Chamber Of Commerce Calls For Corporate Tax Reform That Would Make It Easier To Offshore Profits
The United States Chamber of Commerce released an outline of its proposals for corporate tax reform, and chief among its wishes is a so-called territorial tax system that would exempt most foreign profits earned by American multinational corporations from taxation in the U.S.
Despite claims from business groups, studies show that a territorial system would simply make it easier to store profits in offshore tax havens and avoid American taxation, an incentive corporations dont need. The largest corporations are already holding nearly $1.5 trillion in offshore tax havens like Bermuda, the Cayman Islands, and Ireland, even though they do very little business in those countries. Those tax avoidance schemes cost individual taxpayers and small businesses hundreds of dollars each annually and have also helped crimp state budgets.

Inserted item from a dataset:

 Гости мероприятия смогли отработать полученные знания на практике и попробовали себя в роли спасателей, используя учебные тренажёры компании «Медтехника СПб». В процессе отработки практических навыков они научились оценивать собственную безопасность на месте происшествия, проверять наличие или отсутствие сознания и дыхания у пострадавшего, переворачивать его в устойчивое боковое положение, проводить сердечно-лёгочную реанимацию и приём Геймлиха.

One study estimates that the increased offshoring that would result from a territorial system would result in the creation of 800,000 jobs in other countries, potentially displacing investment and job creation in the U.S.

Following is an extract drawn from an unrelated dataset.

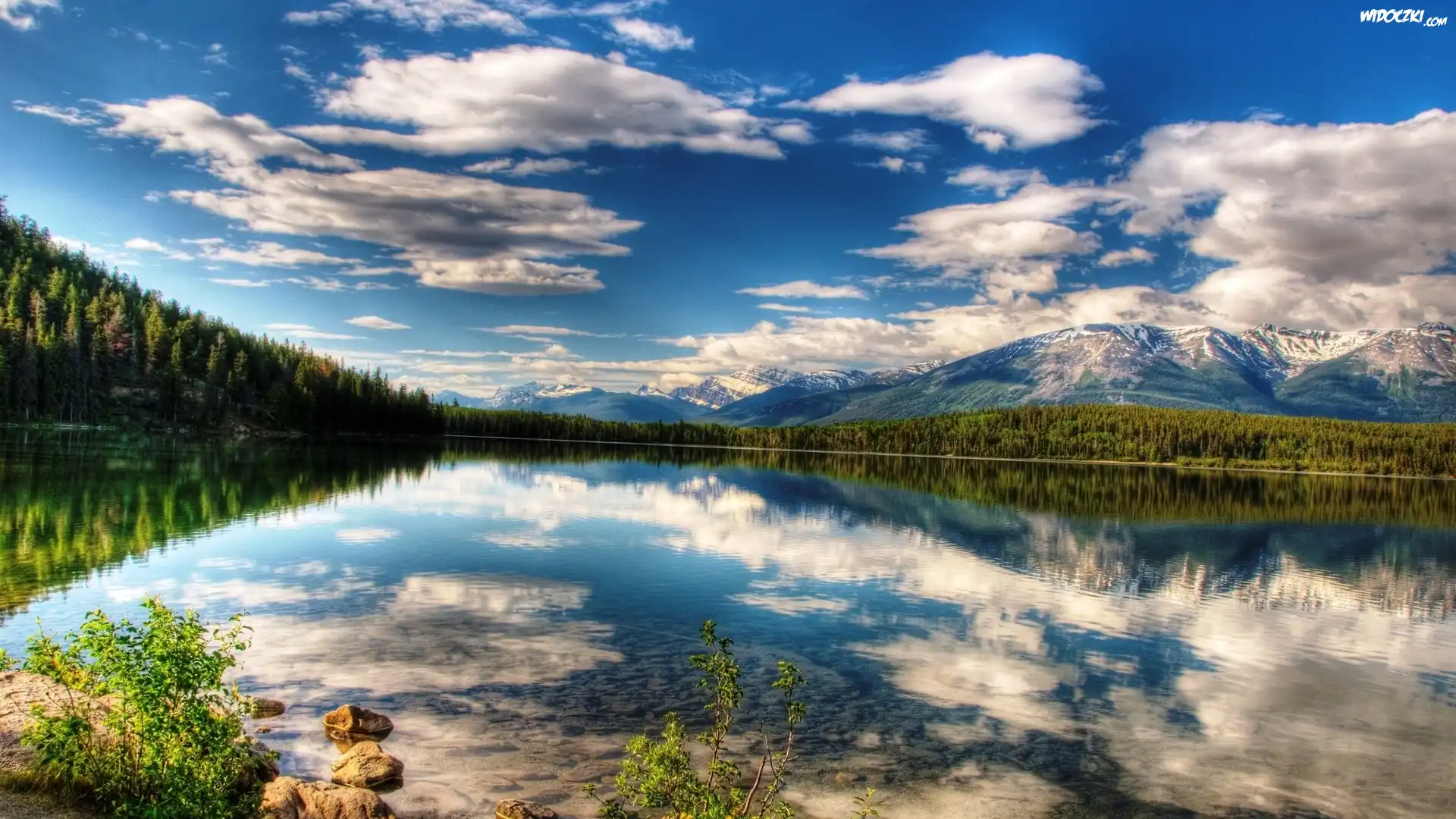 Zdjęcia, Jezioro, Las, Góry, Niebo, Chmury

Corporations argument for such a system stems from their claims that they are paying the highest corporate tax rate in the world. But while the U.S. does indeed have the highest marginal corporate tax rate, the effective corporate tax rate dropped to a 40-year low in 2011 even as profits rose to a 60-year high. Only Iceland, in fact, collects less in corporate taxes as a share of the economy among industrialized nations.